- [Task description]
Give the records once more, exactly as they stand.

[[ Provided entries, beginning ]]

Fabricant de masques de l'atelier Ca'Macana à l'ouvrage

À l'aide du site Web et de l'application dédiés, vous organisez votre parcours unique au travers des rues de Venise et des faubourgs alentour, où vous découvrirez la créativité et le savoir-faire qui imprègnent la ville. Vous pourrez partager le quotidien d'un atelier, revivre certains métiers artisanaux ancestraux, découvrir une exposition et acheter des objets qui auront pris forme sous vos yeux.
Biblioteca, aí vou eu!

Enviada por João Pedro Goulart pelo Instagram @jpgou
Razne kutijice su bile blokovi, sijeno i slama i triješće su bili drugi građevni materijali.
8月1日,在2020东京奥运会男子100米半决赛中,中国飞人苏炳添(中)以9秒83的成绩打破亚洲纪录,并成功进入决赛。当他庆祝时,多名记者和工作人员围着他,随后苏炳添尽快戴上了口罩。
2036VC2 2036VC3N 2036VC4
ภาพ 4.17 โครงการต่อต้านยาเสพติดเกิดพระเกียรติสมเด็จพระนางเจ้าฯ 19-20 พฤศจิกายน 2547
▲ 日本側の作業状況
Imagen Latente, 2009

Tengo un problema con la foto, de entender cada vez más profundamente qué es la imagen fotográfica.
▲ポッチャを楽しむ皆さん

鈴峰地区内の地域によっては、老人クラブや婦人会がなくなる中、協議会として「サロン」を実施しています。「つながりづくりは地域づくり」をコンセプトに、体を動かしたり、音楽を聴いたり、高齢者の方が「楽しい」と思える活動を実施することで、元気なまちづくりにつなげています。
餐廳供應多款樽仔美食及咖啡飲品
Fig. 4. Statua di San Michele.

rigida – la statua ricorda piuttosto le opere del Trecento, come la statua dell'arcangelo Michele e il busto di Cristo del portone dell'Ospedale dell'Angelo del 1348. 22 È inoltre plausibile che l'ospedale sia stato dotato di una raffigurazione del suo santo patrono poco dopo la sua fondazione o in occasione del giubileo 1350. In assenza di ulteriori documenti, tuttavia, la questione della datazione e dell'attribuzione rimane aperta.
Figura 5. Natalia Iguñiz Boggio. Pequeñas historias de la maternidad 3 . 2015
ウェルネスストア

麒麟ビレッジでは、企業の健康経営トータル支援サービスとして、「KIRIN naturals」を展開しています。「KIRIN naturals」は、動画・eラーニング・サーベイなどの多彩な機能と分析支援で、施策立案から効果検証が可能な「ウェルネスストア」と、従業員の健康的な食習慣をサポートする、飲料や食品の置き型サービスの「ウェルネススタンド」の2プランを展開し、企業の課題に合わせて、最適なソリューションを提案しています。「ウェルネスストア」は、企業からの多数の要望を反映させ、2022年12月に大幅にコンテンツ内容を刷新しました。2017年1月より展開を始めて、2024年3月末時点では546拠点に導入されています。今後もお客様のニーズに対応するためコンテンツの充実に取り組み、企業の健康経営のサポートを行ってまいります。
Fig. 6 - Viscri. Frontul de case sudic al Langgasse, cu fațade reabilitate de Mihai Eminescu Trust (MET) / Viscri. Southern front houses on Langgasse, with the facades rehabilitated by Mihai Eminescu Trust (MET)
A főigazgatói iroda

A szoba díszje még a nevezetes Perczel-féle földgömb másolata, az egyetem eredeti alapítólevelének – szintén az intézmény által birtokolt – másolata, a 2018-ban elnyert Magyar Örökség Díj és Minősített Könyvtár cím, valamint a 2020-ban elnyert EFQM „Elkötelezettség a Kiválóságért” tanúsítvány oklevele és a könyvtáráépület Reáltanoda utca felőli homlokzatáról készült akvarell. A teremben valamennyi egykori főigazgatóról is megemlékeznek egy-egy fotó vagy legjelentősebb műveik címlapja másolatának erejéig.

[[ Provided entries, end ]]

- [Response for this exercise]
Fabricant de masques de l'atelier Ca'Macana à l'ouvrage

À l'aide du site Web et de l'application dédiés, vous organisez votre parcours unique au travers des rues de Venise et des faubourgs alentour, où vous découvrirez la créativité et le savoir-faire qui imprègnent la ville. Vous pourrez partager le quotidien d'un atelier, revivre certains métiers artisanaux ancestraux, découvrir une exposition et acheter des objets qui auront pris forme sous vos yeux.
Biblioteca, aí vou eu!

Enviada por João Pedro Goulart pelo Instagram @jpgou
Razne kutijice su bile blokovi, sijeno i slama i triješće su bili drugi građevni materijali.
8月1日,在2020东京奥运会男子100米半决赛中,中国飞人苏炳添(中)以9秒83的成绩打破亚洲纪录,并成功进入决赛。当他庆祝时,多名记者和工作人员围着他,随后苏炳添尽快戴上了口罩。
2036VC2 2036VC3N 2036VC4
ภาพ 4.17 โครงการต่อต้านยาเสพติดเกิดพระเกียรติสมเด็จพระนางเจ้าฯ 19-20 พฤศจิกายน 2547
▲ 日本側の作業状況
Imagen Latente, 2009

Tengo un problema con la foto, de entender cada vez más profundamente qué es la imagen fotográfica.
▲ポッチャを楽しむ皆さん

鈴峰地区内の地域によっては、老人クラブや婦人会がなくなる中、協議会として「サロン」を実施しています。「つながりづくりは地域づくり」をコンセプトに、体を動かしたり、音楽を聴いたり、高齢者の方が「楽しい」と思える活動を実施することで、元気なまちづくりにつなげています。
餐廳供應多款樽仔美食及咖啡飲品
Fig. 4. Statua di San Michele.

rigida – la statua ricorda piuttosto le opere del Trecento, come la statua dell'arcangelo Michele e il busto di Cristo del portone dell'Ospedale dell'Angelo del 1348. 22 È inoltre plausibile che l'ospedale sia stato dotato di una raffigurazione del suo santo patrono poco dopo la sua fondazione o in occasione del giubileo 1350. In assenza di ulteriori documenti, tuttavia, la questione della datazione e dell'attribuzione rimane aperta.
Figura 5. Natalia Iguñiz Boggio. Pequeñas historias de la maternidad 3 . 2015
ウェルネスストア

麒麟ビレッジでは、企業の健康経営トータル支援サービスとして、「KIRIN naturals」を展開しています。「KIRIN naturals」は、動画・eラーニング・サーベイなどの多彩な機能と分析支援で、施策立案から効果検証が可能な「ウェルネスストア」と、従業員の健康的な食習慣をサポートする、飲料や食品の置き型サービスの「ウェルネススタンド」の2プランを展開し、企業の課題に合わせて、最適なソリューションを提案しています。「ウェルネスストア」は、企業からの多数の要望を反映させ、2022年12月に大幅にコンテンツ内容を刷新しました。2017年1月より展開を始めて、2024年3月末時点では546拠点に導入されています。今後もお客様のニーズに対応するためコンテンツの充実に取り組み、企業の健康経営のサポートを行ってまいります。
Fig. 6 - Viscri. Frontul de case sudic al Langgasse, cu fațade reabilitate de Mihai Eminescu Trust (MET) / Viscri. Southern front houses on Langgasse, with the facades rehabilitated by Mihai Eminescu Trust (MET)
A főigazgatói iroda

A szoba díszje még a nevezetes Perczel-féle földgömb másolata, az egyetem eredeti alapítólevelének – szintén az intézmény által birtokolt – másolata, a 2018-ban elnyert Magyar Örökség Díj és Minősített Könyvtár cím, valamint a 2020-ban elnyert EFQM „Elkötelezettség a Kiválóságért” tanúsítvány oklevele és a könyvtáráépület Reáltanoda utca felőli homlokzatáról készült akvarell. A teremben valamennyi egykori főigazgatóról is megemlékeznek egy-egy fotó vagy legjelentősebb műveik címlapja másolatának erejéig.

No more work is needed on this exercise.